[Records for the exercise Boundary: Start]

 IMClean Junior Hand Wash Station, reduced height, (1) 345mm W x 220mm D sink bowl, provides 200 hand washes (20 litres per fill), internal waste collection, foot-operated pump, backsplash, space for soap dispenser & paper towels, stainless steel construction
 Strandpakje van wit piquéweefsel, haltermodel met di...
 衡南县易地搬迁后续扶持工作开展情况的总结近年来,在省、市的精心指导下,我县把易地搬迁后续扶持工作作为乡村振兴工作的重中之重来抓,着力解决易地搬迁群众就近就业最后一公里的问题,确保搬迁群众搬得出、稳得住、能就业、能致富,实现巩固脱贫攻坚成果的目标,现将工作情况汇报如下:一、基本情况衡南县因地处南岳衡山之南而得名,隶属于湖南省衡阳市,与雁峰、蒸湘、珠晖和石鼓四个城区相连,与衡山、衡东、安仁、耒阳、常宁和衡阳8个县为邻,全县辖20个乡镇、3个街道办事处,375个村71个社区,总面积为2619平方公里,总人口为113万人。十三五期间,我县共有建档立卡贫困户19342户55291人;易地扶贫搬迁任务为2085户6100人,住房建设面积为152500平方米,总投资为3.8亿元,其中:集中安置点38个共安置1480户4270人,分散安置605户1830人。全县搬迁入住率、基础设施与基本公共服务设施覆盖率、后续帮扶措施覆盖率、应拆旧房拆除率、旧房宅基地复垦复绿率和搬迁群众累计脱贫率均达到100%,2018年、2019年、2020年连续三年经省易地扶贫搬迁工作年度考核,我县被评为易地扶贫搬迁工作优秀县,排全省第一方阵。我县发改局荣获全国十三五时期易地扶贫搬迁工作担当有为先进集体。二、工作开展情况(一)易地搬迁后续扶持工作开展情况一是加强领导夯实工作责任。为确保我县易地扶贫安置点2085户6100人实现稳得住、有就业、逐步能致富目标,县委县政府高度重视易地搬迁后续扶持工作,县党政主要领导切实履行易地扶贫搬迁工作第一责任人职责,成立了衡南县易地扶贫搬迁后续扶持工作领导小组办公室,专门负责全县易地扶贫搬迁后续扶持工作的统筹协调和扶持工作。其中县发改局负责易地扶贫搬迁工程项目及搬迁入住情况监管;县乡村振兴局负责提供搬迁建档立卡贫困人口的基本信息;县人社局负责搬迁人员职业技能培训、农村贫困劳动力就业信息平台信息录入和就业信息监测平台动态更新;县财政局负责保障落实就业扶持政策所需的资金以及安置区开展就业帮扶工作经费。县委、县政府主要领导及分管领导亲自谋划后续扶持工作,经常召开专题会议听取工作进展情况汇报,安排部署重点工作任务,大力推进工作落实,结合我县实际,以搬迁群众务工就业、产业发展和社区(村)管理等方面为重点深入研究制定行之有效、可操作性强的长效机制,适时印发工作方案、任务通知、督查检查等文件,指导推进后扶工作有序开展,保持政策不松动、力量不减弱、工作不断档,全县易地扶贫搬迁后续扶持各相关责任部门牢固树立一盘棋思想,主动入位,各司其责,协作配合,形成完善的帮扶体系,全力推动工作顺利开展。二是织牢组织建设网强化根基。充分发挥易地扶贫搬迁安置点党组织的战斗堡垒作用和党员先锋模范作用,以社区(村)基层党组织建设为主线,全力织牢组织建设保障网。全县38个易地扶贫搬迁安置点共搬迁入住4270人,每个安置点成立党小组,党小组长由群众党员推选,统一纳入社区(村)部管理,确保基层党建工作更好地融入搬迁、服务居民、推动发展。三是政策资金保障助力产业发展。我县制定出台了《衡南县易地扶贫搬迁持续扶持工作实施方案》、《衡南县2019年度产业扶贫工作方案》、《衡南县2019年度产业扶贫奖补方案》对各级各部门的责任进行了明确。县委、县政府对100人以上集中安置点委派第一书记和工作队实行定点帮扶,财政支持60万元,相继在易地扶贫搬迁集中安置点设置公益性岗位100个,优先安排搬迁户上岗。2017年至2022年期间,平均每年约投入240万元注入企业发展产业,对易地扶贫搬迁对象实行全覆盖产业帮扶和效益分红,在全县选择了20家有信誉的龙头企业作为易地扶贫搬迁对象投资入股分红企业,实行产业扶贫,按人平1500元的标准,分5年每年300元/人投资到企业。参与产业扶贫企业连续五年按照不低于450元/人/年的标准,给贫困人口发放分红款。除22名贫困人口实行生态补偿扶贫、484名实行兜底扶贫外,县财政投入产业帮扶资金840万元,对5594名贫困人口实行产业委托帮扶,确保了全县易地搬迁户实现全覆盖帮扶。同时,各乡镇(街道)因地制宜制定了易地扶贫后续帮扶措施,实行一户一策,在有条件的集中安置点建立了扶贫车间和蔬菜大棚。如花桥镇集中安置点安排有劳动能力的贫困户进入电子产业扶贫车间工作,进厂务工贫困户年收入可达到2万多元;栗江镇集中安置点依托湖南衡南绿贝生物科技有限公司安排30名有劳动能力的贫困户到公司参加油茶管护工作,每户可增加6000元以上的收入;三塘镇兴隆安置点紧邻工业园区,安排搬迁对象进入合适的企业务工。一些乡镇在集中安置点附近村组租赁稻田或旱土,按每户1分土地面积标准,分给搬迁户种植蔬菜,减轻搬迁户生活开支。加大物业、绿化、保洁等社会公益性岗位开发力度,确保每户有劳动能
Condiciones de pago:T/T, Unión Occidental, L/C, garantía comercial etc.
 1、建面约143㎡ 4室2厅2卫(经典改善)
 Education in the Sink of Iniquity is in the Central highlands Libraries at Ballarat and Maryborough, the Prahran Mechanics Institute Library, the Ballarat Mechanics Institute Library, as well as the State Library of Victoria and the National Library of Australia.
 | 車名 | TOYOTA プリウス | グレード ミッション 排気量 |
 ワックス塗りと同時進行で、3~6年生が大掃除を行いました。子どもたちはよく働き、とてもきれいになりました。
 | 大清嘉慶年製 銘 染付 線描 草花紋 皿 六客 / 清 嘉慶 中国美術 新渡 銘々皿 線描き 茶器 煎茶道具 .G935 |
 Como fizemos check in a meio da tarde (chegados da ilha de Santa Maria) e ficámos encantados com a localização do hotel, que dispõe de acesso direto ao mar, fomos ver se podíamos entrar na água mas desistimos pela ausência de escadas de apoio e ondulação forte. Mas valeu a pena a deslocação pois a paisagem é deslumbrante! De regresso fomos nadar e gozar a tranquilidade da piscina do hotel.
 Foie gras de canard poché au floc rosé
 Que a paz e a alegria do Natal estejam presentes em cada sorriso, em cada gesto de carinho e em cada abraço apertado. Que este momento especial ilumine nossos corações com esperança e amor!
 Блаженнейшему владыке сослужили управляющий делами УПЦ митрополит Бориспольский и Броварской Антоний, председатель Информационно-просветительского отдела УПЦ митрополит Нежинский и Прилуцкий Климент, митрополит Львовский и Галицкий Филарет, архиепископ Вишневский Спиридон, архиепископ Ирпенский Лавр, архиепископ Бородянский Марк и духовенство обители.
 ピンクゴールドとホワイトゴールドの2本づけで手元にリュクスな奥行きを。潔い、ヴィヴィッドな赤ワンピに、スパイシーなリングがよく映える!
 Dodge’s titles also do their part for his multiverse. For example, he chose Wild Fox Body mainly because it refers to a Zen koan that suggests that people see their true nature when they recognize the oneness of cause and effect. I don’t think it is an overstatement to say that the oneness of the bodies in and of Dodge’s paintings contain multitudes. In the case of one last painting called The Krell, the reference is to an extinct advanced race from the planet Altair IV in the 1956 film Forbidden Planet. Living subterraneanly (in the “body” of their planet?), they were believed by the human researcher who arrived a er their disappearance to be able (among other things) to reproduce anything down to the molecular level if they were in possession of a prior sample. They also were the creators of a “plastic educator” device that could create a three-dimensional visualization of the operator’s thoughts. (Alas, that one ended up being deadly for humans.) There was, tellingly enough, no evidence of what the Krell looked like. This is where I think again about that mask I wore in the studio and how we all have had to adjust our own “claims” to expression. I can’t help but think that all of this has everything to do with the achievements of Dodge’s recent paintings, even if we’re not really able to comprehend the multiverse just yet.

[Records for the exercise Boundary: End]

Your assignment: Using the entries above, repeat only the lines from the one containing "煎茶道具 .G935 |" through the one containing "ピンクゴールドとホワイトゴー", end lines included.

Answer to the problem:
 | 大清嘉慶年製 銘 染付 線描 草花紋 皿 六客 / 清 嘉慶 中国美術 新渡 銘々皿 線描き 茶器 煎茶道具 .G935 |
 Como fizemos check in a meio da tarde (chegados da ilha de Santa Maria) e ficámos encantados com a localização do hotel, que dispõe de acesso direto ao mar, fomos ver se podíamos entrar na água mas desistimos pela ausência de escadas de apoio e ondulação forte. Mas valeu a pena a deslocação pois a paisagem é deslumbrante! De regresso fomos nadar e gozar a tranquilidade da piscina do hotel.
 Foie gras de canard poché au floc rosé
 Que a paz e a alegria do Natal estejam presentes em cada sorriso, em cada gesto de carinho e em cada abraço apertado. Que este momento especial ilumine nossos corações com esperança e amor!
 Блаженнейшему владыке сослужили управляющий делами УПЦ митрополит Бориспольский и Броварской Антоний, председатель Информационно-просветительского отдела УПЦ митрополит Нежинский и Прилуцкий Климент, митрополит Львовский и Галицкий Филарет, архиепископ Вишневский Спиридон, архиепископ Ирпенский Лавр, архиепископ Бородянский Марк и духовенство обители.
 ピンクゴールドとホワイトゴールドの2本づけで手元にリュクスな奥行きを。潔い、ヴィヴィッドな赤ワンピに、スパイシーなリングがよく映える!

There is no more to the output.